**Assignment**
Leaving out all pictures, transcribe the lines below exactly, from the first through the line containing "成婚料に関しては男性持ちも可".

(Stored data entries)
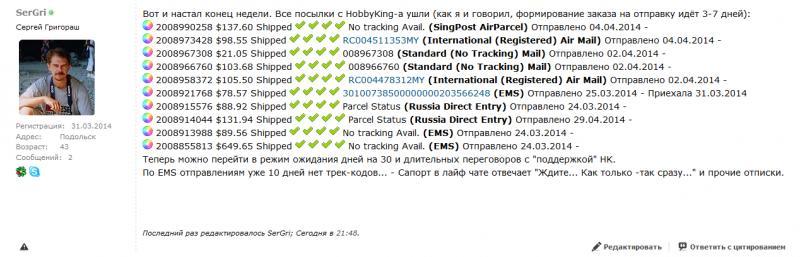 Вот и настал конец недели. Все посылки с HobbyKing-а ушли (как я и говорил, формирование заказа на отправку идёт 3-7 дней):
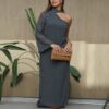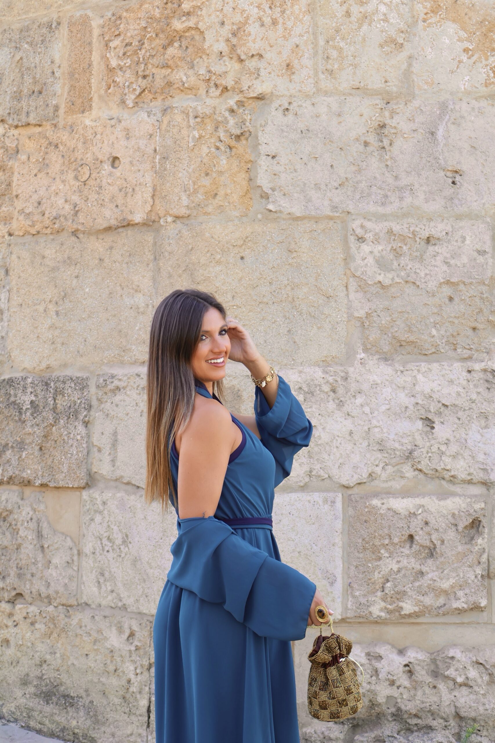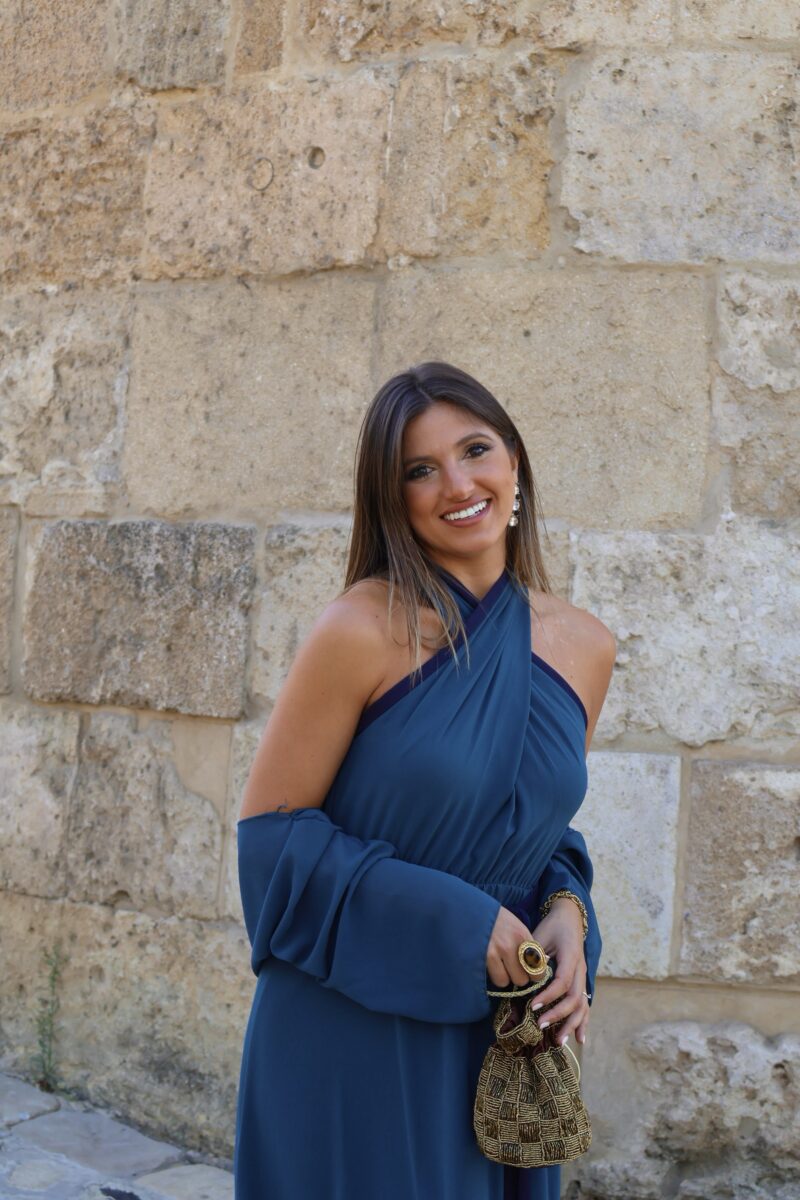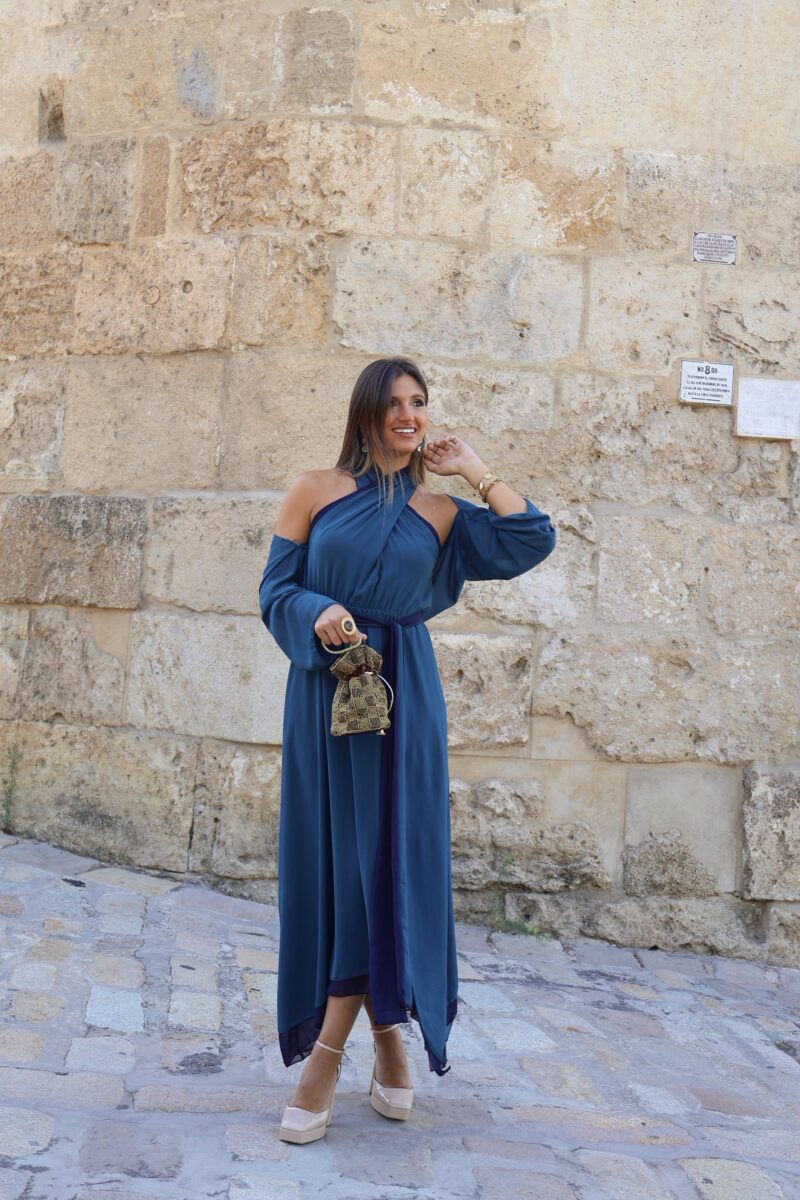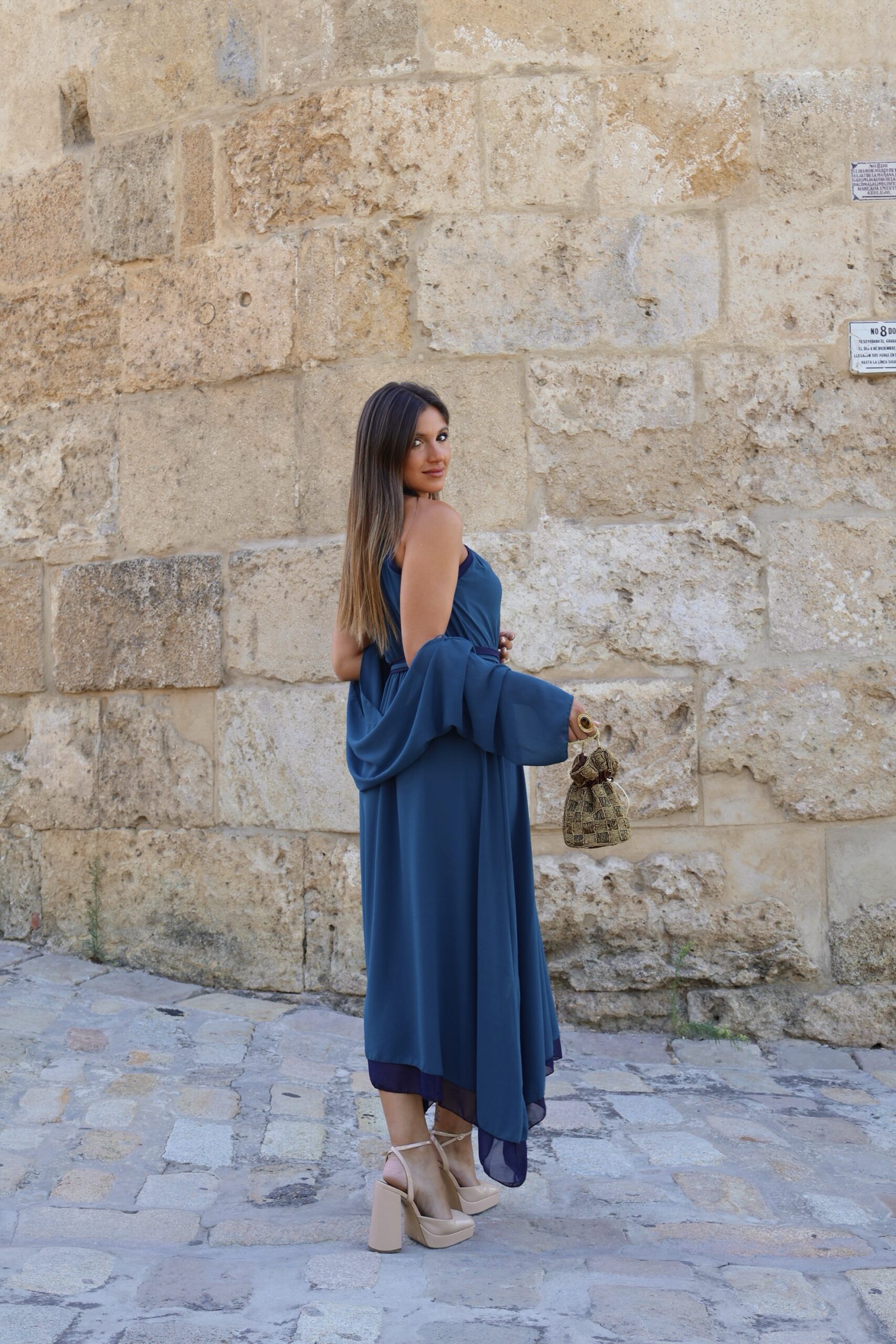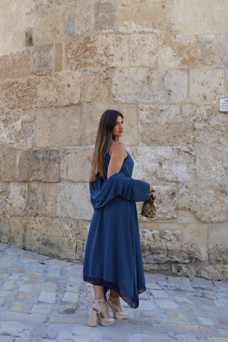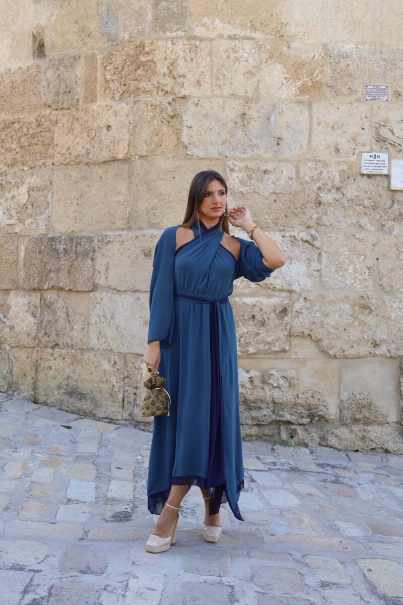 Vestido escote cruzado bicolor. Capa de manga opcional. Abertura lateral y cintura elástica con lazada ajustable.
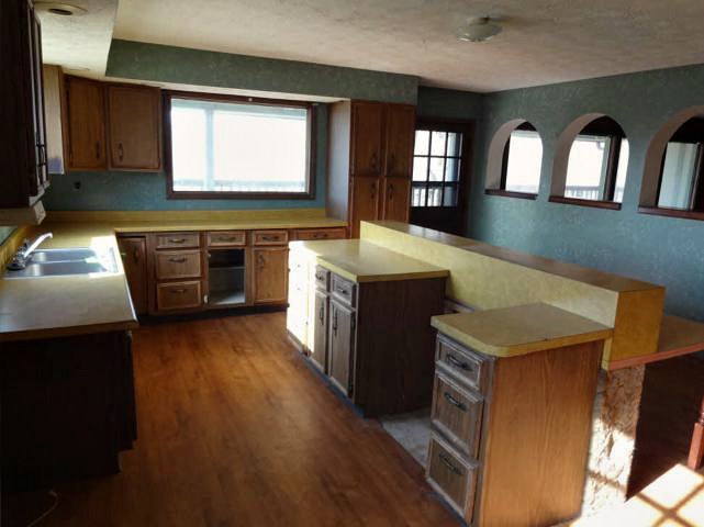 The appraiser labeled this room as a kitchen also, probably because the previous owners used it as a second kitchen for a long-term guest. I’m seeing it more as a mud/craft/cat room. It’s plenty spacious and has a door to head out back as well as access to the storage room and laundry. It needs some paint and tile (and I’m planning on moving a wall or two to expand the laundry room) and I’d love to build a wooden cubby for everyone to hang their coats and shoes. Otherwise, it’s already pretty functional–we’ve already drug plenty of mud through it and the cats enjoy eating and sleeping there at night. Maybe I’ll even be brave enough to put in another cat door…
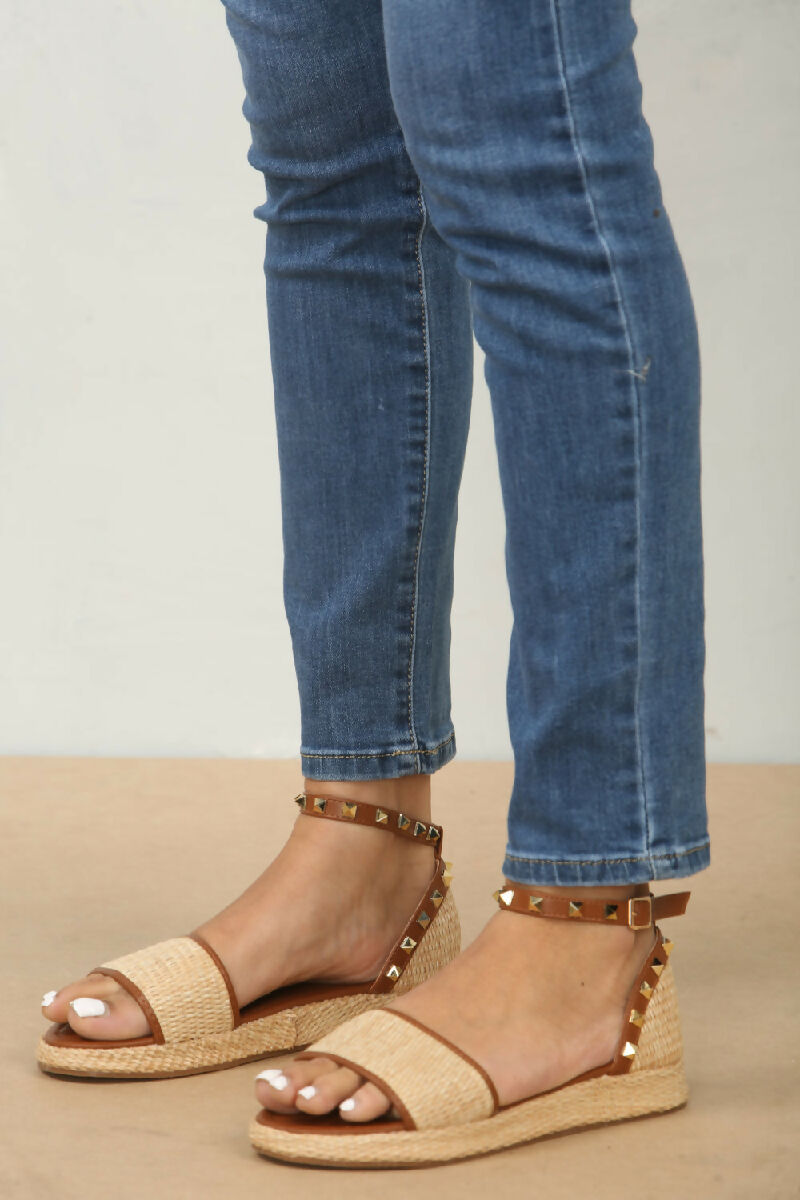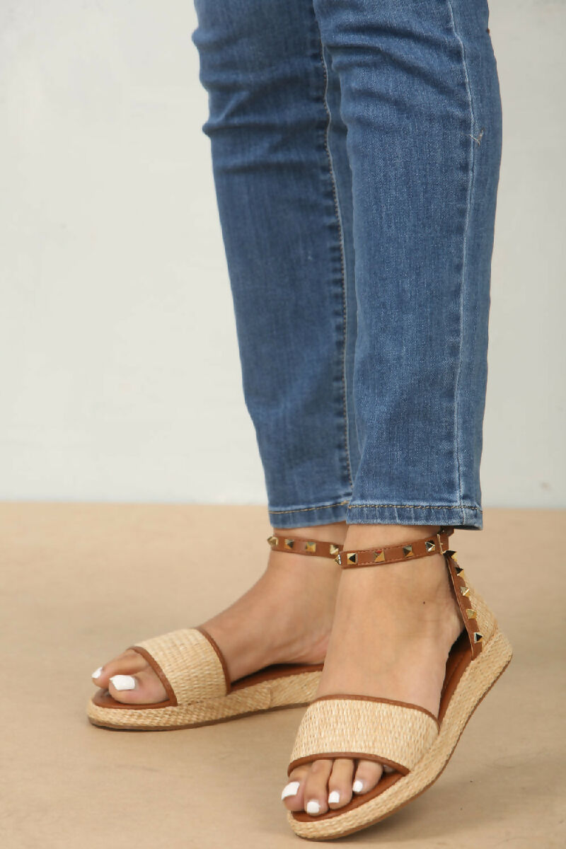 STUDDED RAFFIA CLOSED BACK ANKLE STRAP SANDALS IN TAN (PACK OF 12 PAIRS UK3-UK8)
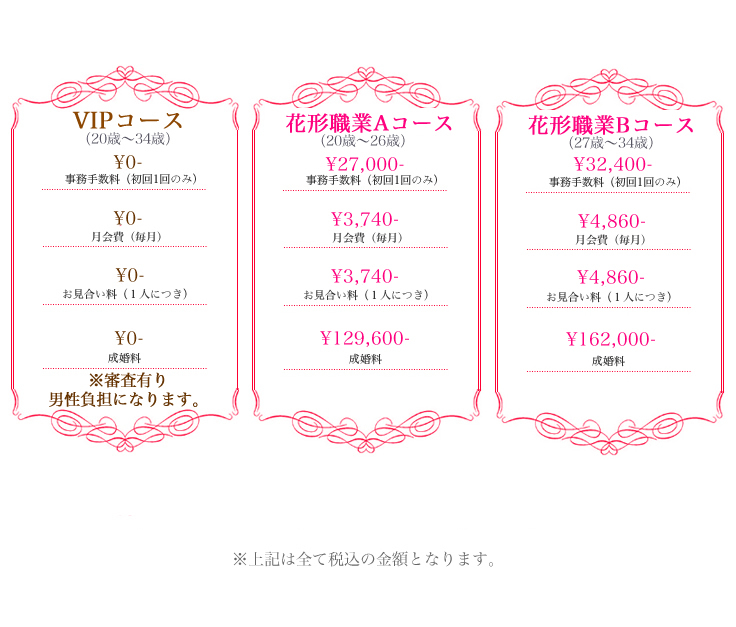 成婚料に関しては男性持ちも可能ですが、男性持ちにするとお見合いを断られる事も多くなりますのでご相談お願い致します。 |
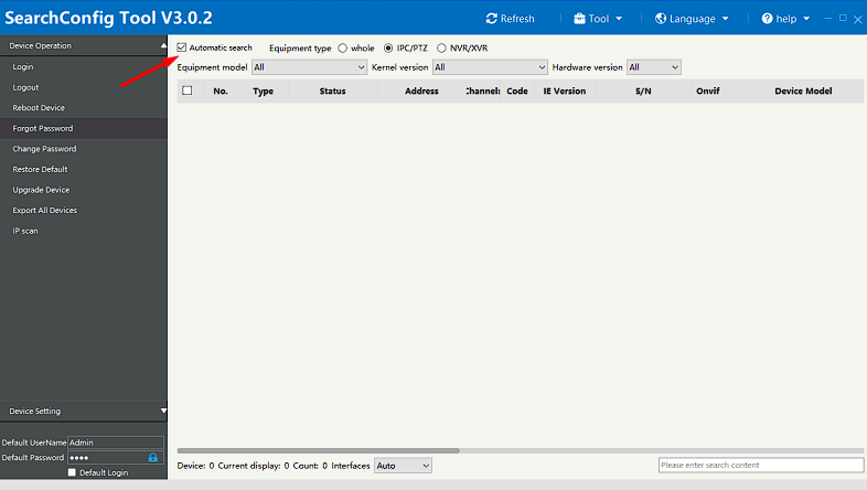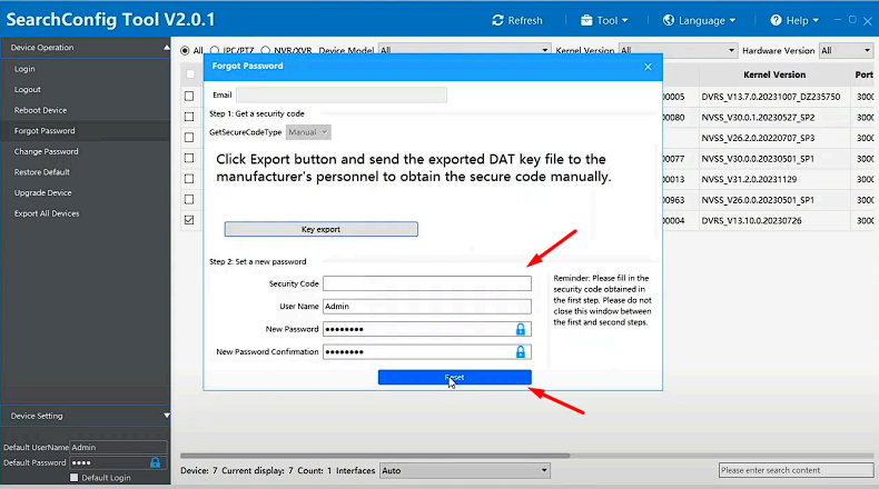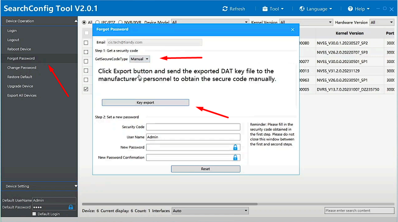 Если утерян пароль от веб-интерфейса камеры, его можно восстановить, обратившись в техническую поддержку Ivideon. Для восстановления пароля необходимо получить код устройства в виде файла с расширением .dat. Он генерируется с помощью специальной утилиты SearchConfigTool (имеется как для Windows, так и для MacOS) по следующей инструкции:
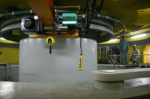 6月11日,工程技術(shù)人員在對率先投入運(yùn)營的22號(hào)機(jī)組進(jìn)行監(jiān)測。當(dāng)日,三峽工程右岸電站首臺(tái)機(jī)組——22號(hào)機(jī)組經(jīng)過一個(gè)多月的調(diào)試運(yùn)行,正式并網(wǎng)發(fā)電,投入運(yùn)營。這標(biāo)志著三峽三期工程開始發(fā)揮效益。 | |
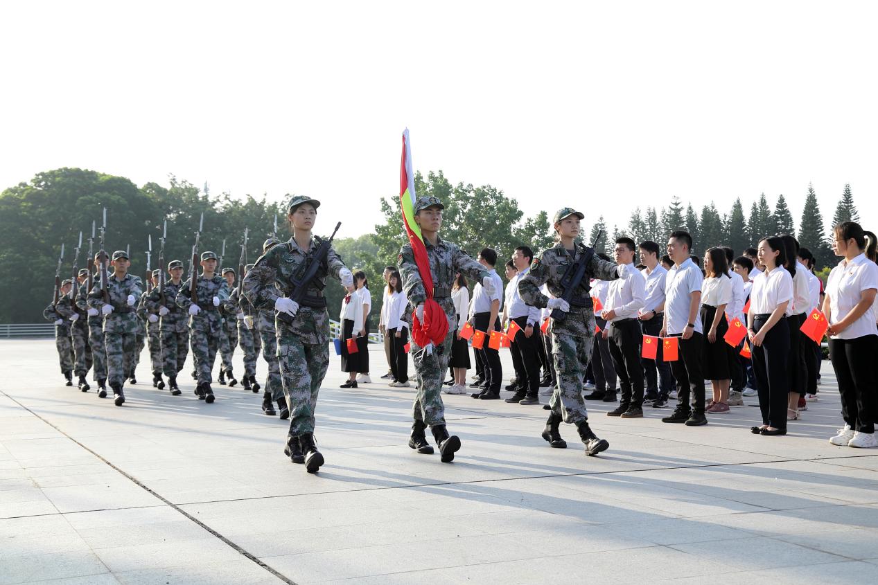 于5月29日上午在正门升旗台举办升国旗仪式主题党日活动。学院党委书记沈彬、副院长蔡述庭、刘远、刘振,全体教职工党员、学生党员以及第56期入党积极分子等共计140余人参加活动,学院副书记石宇杰主持活动。
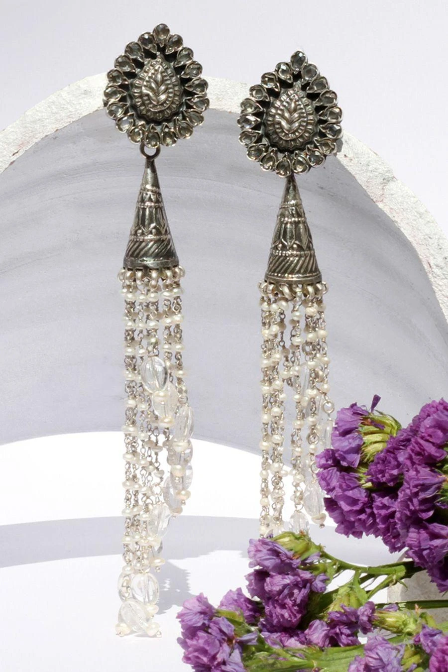 These chic handcrafted silver earrings are the perfect accessory to style with your daytime looks. This piece exudes a bohemian vibe & can be styled with a summer dress or kaftan on your next vacation.
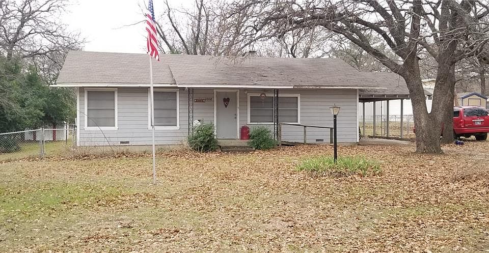 CUTE COTTAGE with character in a convenient location! This 2 bedroom, 1 bath will make a great home! The house features a large living room, large eat in kitchen, 2 nice sized bedrooms. There is some original wood flooring under the carpet & laminate in the living room & bedrooms (look in large storage closet to see the flooring!). Fridge stays! The lot is nearly half an acre, has trees, storm shelter and large fenced backyard. There is a carport & one car detached garage. Some TLC is needed. You will be close to the lake, schools, shopping in this home!
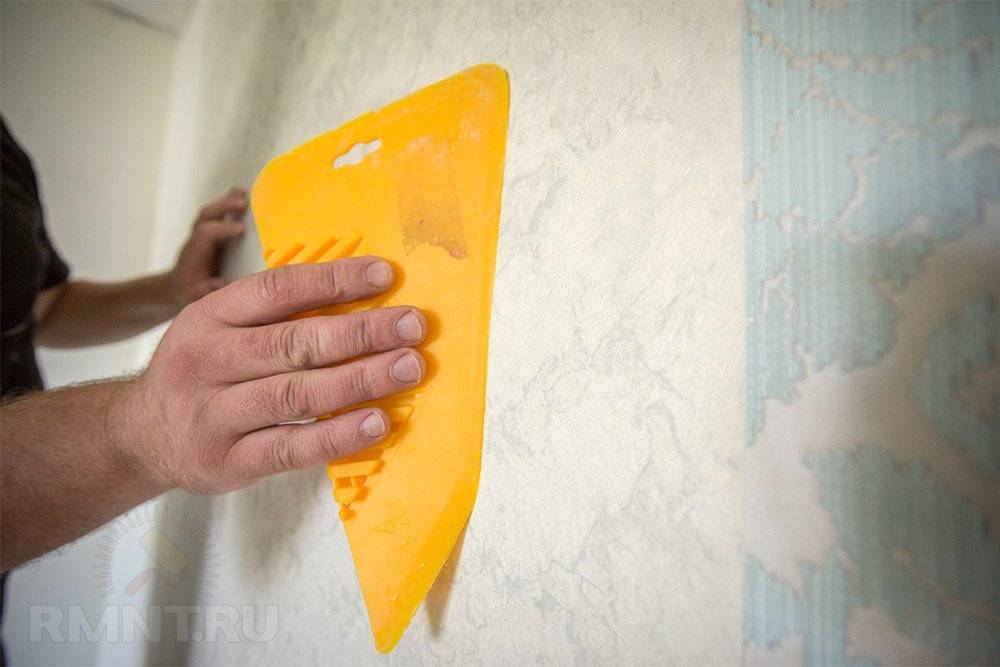- Подготовка поверхности — удаляют старое покрытие, производят очистку стены от загрязнений. Счищают осыпающуюся штукатурку, отрывают фрагменты старых обоев. Если остались неровности, стенку выравнивают при помощи шпаклевки и шпателя.

**Reply**
 Вот и настал конец недели. Все посылки с HobbyKing-а ушли (как я и говорил, формирование заказа на отправку идёт 3-7 дней):
 Vestido escote cruzado bicolor. Capa de manga opcional. Abertura lateral y cintura elástica con lazada ajustable.
 The appraiser labeled this room as a kitchen also, probably because the previous owners used it as a second kitchen for a long-term guest. I’m seeing it more as a mud/craft/cat room. It’s plenty spacious and has a door to head out back as well as access to the storage room and laundry. It needs some paint and tile (and I’m planning on moving a wall or two to expand the laundry room) and I’d love to build a wooden cubby for everyone to hang their coats and shoes. Otherwise, it’s already pretty functional–we’ve already drug plenty of mud through it and the cats enjoy eating and sleeping there at night. Maybe I’ll even be brave enough to put in another cat door…
 STUDDED RAFFIA CLOSED BACK ANKLE STRAP SANDALS IN TAN (PACK OF 12 PAIRS UK3-UK8)
 成婚料に関しては男性持ちも可能ですが、男性持ちにするとお見合いを断られる事も多くなりますのでご相談お願い致します。 |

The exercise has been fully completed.